Saved data entries -

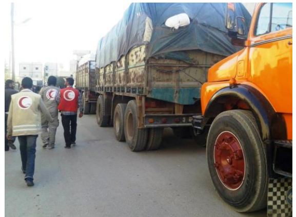
Al Qaryatayn, Homs, Syria (29 Oct 2013) - SARC collaborates with the UN-led joint humanitarian convoy to deliver humanitarian assistance adequate to meet the needs of the estimated 40,000 people who fled fighting in Mahin to Al Qaryatayn in Homs.

On 24 October, the UN Hub–Homs team dispatched a joint humanitarian convoy of 10 trucks carrying 465m 3 of relief cargo on behalf of IOM, UNFPA, UNICEF, WFP and WHO to Talbiseh, which hosts an estimated 150,000 displaced people, and which last received assistance via a joint humanitarian convoy in May 2013. Accompanying SARC Homs until the last Government checkpoint, the UN/SARC team ensured dispatch of the following life-saving supplies: food for 20,000 people; NFIs for 20,000 people; WASH items for 20,000 people; and medicines for 36,800 people.
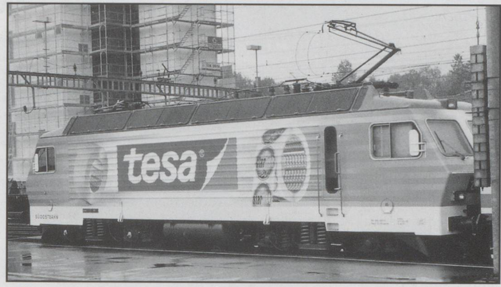
SÜDOSTBAHN LOCO IN NEW "TESA" LIVERY

Something for the editor as a Südostbahn fan: Re 446 (Ex SBB Re 4/4 <sup>IV</sup> 447-5) in the livery of Tesa, a maker of adhesive bandages, in the pouring rain, yet again, at Arth Goldau, 30th September.
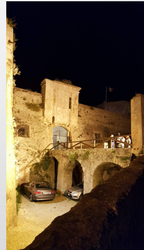
The main gate
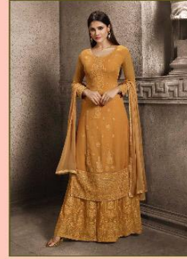
❖ 3004 ❖
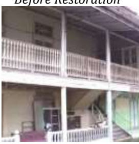
Sea Twin House Before Restoration
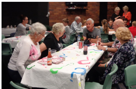
Left: Participants seeking answers!
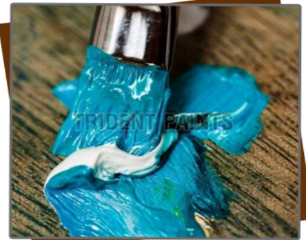
Aliphatic Acrylic Paint
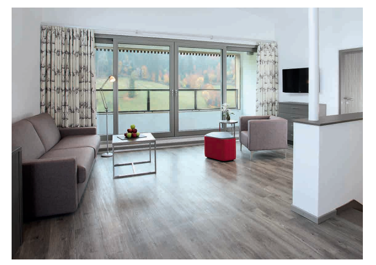
Suite in Haus Kohlwald.

Haus Kohlwald demonstrates what luxurious living is like in the 21st century. Generously sized family apartments, lots of light, an uncluttered view – and of course spa facilities with everything the heart desires.
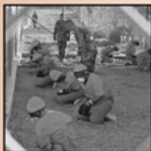
Torture of prisoners at Guantanamo
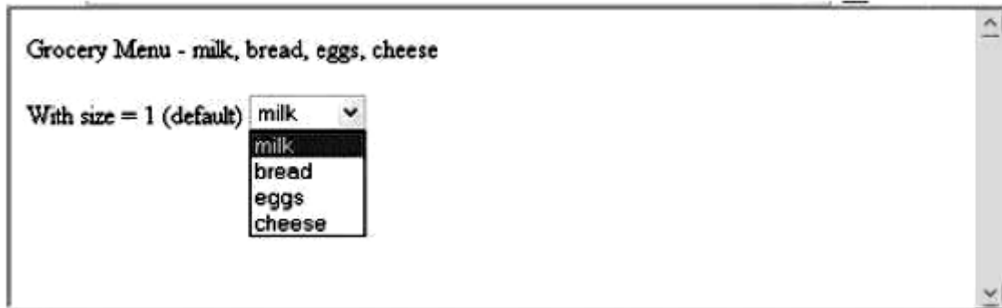
Figure 25 Display of menu.html after the scroll arrow is clicked
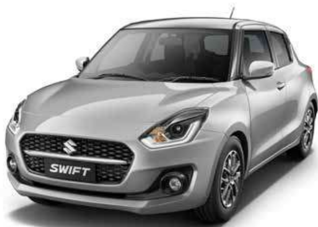
METALLIC SILKY SILVER
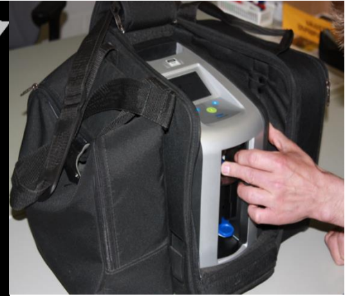
Dräger 5000 Drug test 7 devices
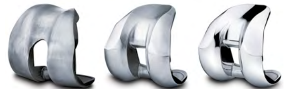
Process steps of a femur implant
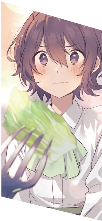
code name MEADOW
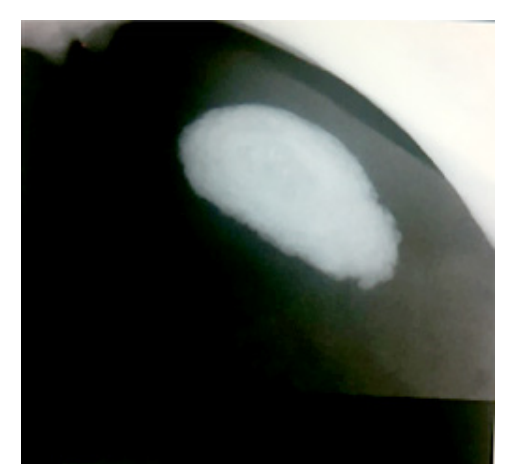
Fig 2: Occlusal X-ray showing radio-opacity in left floor of mouth

Ultrasonography revealed a solid mass with distal acoustic shadow measuring 16 mm along its greatest length located near the orifice of Wharton duct.
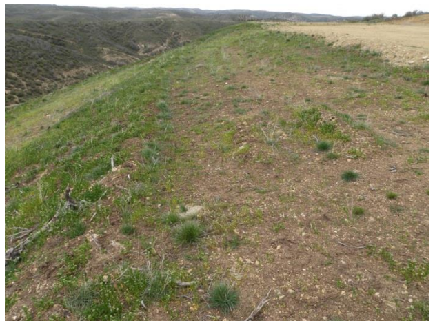
Western edge of pad
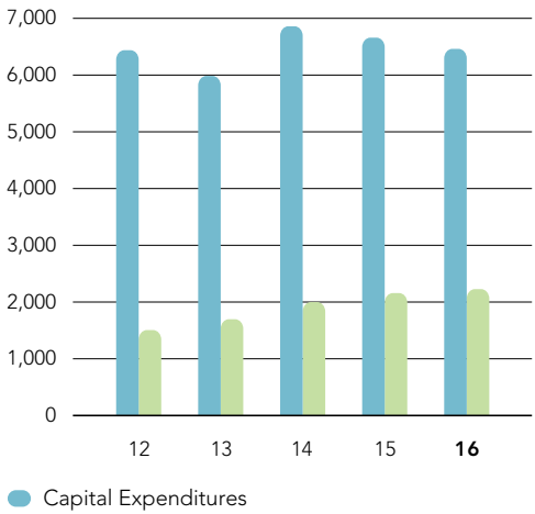
Depreciation and Amortisation
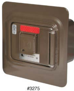
Knox Box 3200 Series for Up to (6) Keys

The Key Vault/Box shall be sized to conveniently accommodate the maximum number of keys as established for locking requirements by the property owner and/or tenants. Vault/Box shall be recessed type with hinge
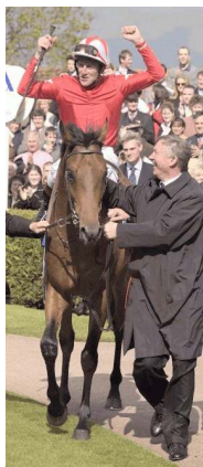
Rock of Gibraltar
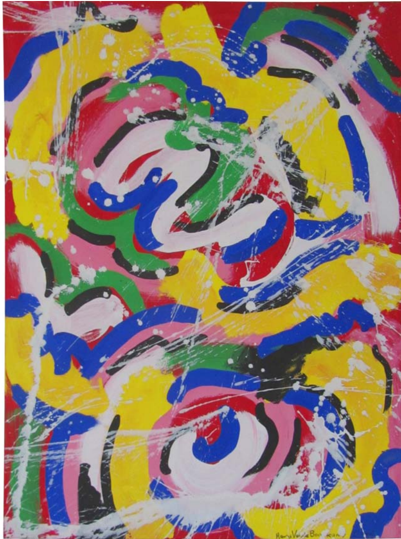
Color Bouquet 2016 40" x 30" Acrylic on Canvas
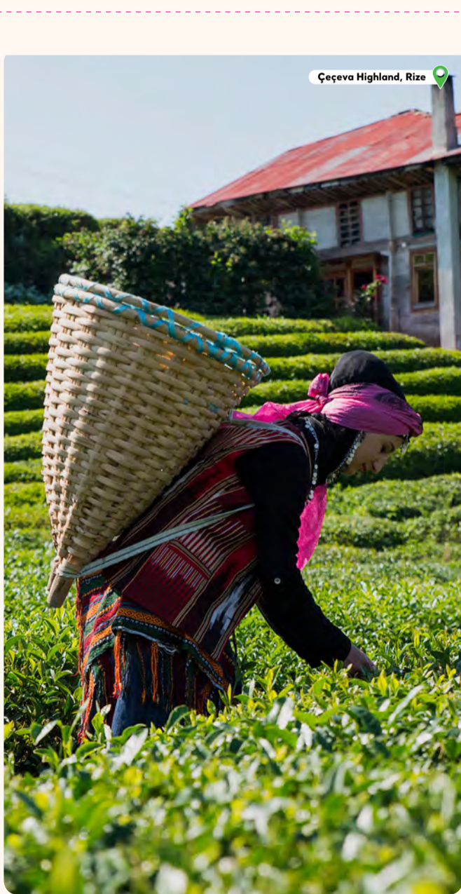
Turkish tea culture is included in the UNESCO Intangible Cultural Heritage list.

Trabzon is an important hub of both cultural and local cheese varieties, and of course, a glass of Turkish tea! The city is home to some iconic landmarks that are a must-see. Nestled on a steep cliff at an altitude of 1200 meters above the sea, the historical Sümele Monastery is significant for its beautiful frescoes depicting the story of Jesus and the Virgin Mary. Foodies should keep an eye out for Sümele where most authentic breakfast experiences in the region, accompanied by tasty Turkish tea. The famous Vakkıbeir bread, with its thick outer crust, is a popular staple for those looking to sweeten their glass of tea with the world's most unique honey: Anzer Honey. This honey, made from hundreds of endemic plants from the region, is high in anti-oxidants and is thought to cure a variety of ailments. Trabzon offers some of the most authentic breakfast experiences in the region, accompanied by tasty Turkish tea. The famous Vakkıbeir bread, with its thick outer crust, is a popular staple for those looking to sweeten their glass of tea with the world's most unique honey: Anzer Honey. This honey, made from hundreds of endemic plants from the region, is high in anti-oxidants and is thought to cure a variety of ailments.
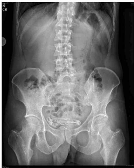
Figure 1. KUB X-ray showing radiopaque, coiled metallic densities consistent with intravesical foreign bodies in the pelvic region (2025).

routinely. A Foley catheter was left in place for two weeks. Postoperative care included oral antibiotics and resumption of olanzapine under behavioral medicine supervision.
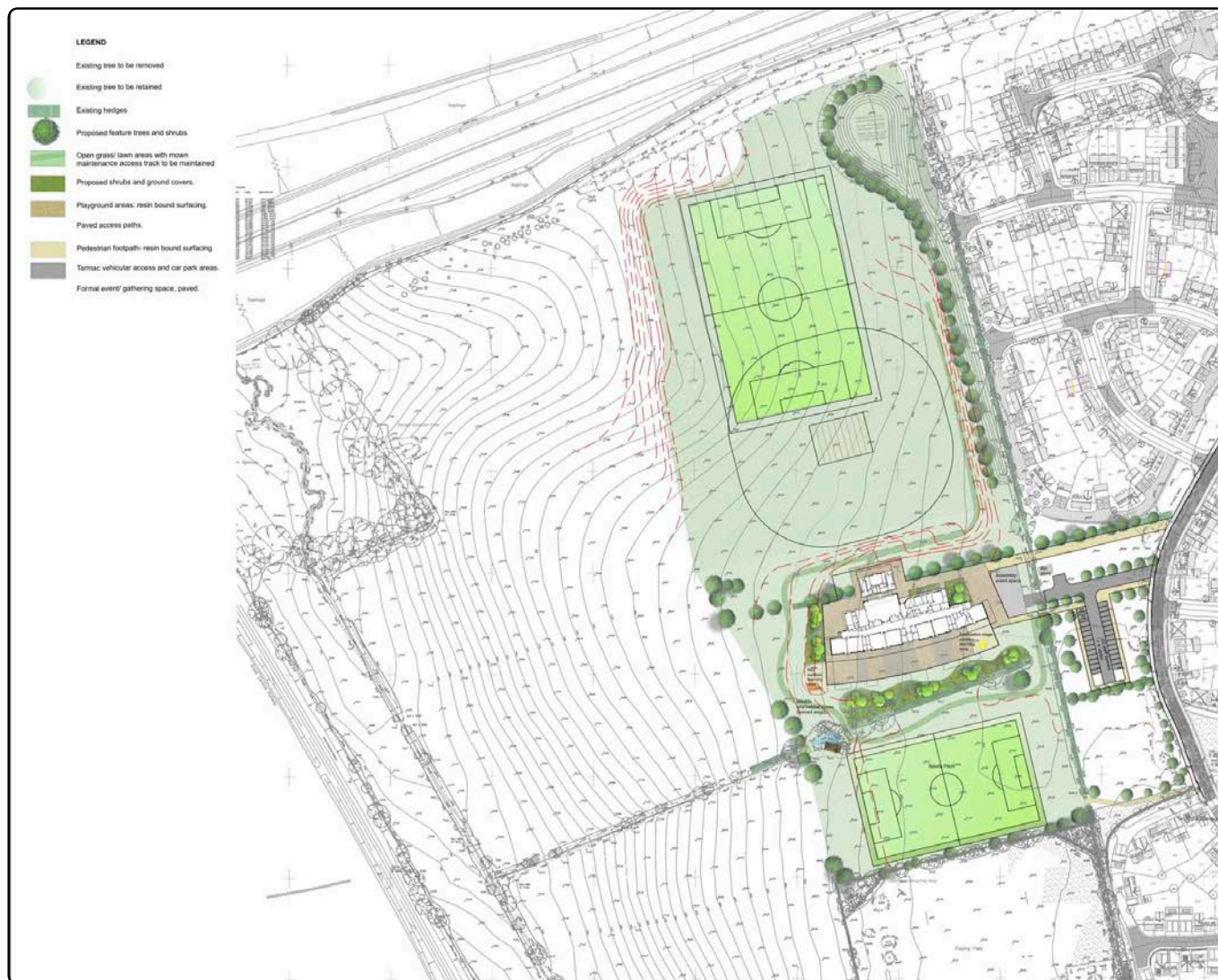
Fig 2: Proposed site of the new school

TASK STATEMENT - What number of lines in the data above include the string "showing"? Answer with that number only.

FINISHED EXERCISE - 2